Scrooge McDuck Wikia
Register
Advertisement

The Old Vicuna Hunter was an elderly, male dognose.

Description[]

Born to another vicuna hunter living in a lonely barranca near the edge of the Region of the Great Mists in Peru, this man, when just a boy, witnessed the death of Rhutt Betler as he staggered out of the mists, half-mad and starving, having escaping Plain Awful. His father took most of the strange square stones which the man carried to a priest in Cuzco, though he kept a few for himself, which the not-yet-old Vicuna Hunter observed.

By the end of the 1940's, the long-orphaned Vicuna Hunter had gone nearly blind. During the Duckburg Museum's expedition in the Andes in order to find the source of the square eggs, Donald and his his nephews came across the old man, who could not see the square eggs, but, upon touch, remembered their story. This led to the Ducks traveling to Plain Awful before making off with two Square Roosters.

A few years later, the same four ducks (now with the addition of their treasure-seeking uncle Scrooge McDuck), now looking for the Temple of Manco Capac, once again crossed paths with the Hunter, who asked them if they were still out to find Square Eggs.
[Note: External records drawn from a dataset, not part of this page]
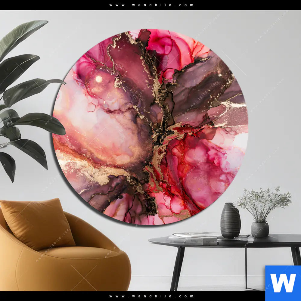 Alu-Dibond Bild | Fluid Art Rot & Braun | Rund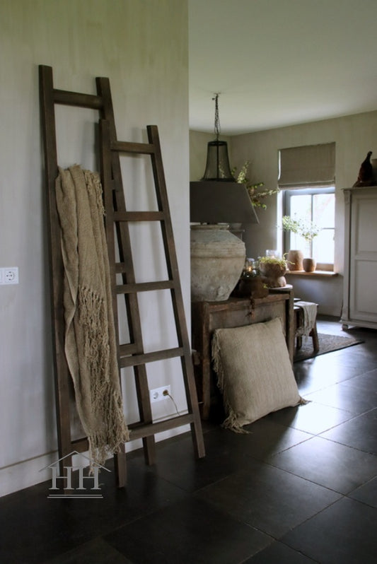 Discover our collection of wooden ladders at Hillary'sHome. These versatile pieces not only add a rustic accent to your interior, but also serve as a functional storage solution. Use them to hang blankets, display plants or store towels. A clever mix of form and function.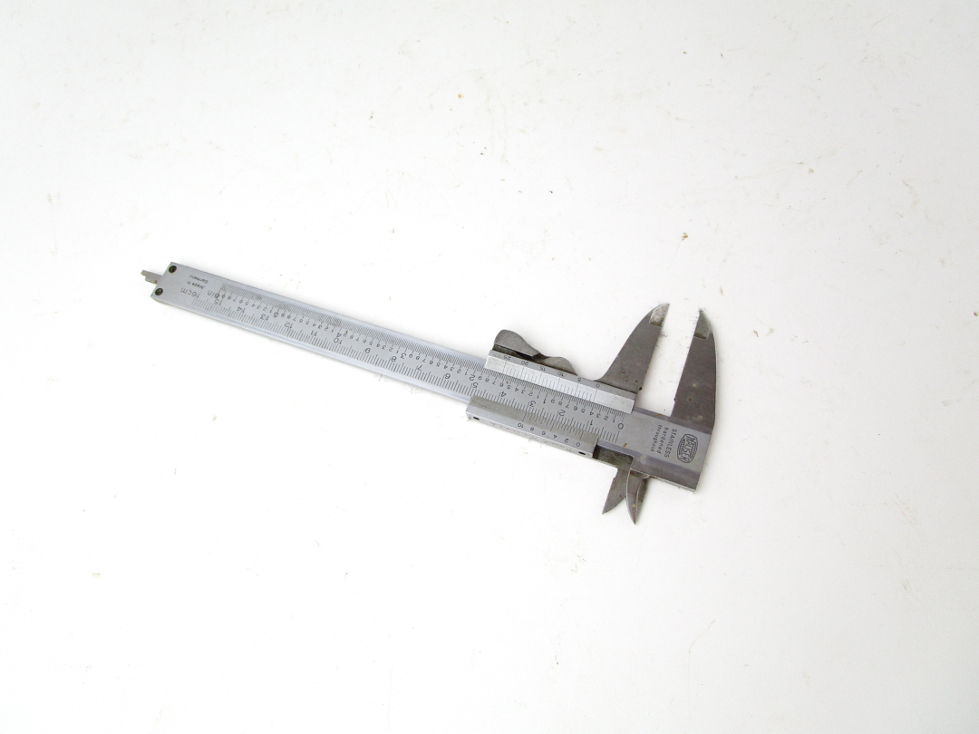 Web05-279 MAUSER stainless steel calipers. Backside says it was made in Germany for Scherr-Tumico followed by several major US cities, 8" long stem with two sets of jaws, could use a little grease. (MAG227)

When asked about the location the wherabouts of the Temple, the Hunter reproduced the traditional conviction that it was in the bottom of theLake Titicoocoo.

During the Ducks' third venture near the Region of the Great Mists, Flintheart Glomgold hired the old Indian (whose sight had improved since then through unknown means, one suggestion being contact lenses) as a guide through the Region of the Great Mists. Though still considering that the Americans were all mad for messing with this dangerous terrain time and time again, the Vicuna Hunter took the job, but drew the line at following Glomgold into Plain Awful itself.

Behind the scenes[]

First appearing in Lost in the Andes, the Old Vicuna Hunter became a somewhat iconic character due to that story's classic status, and reappeared in Don Rosa's The Son of the Sun and Return to Plain Awful.

In the latter story, Rosa committed the continuity mistake of overlooking that the Hunter was blind or good as, and thus quite unfit to serve as Glomgold's guide — recalling that Lost in the Andes mentioned that his blindness had started when he broke his glasses, Rosa jokingly suggested that the Old Hunter had started wearing contact lenses.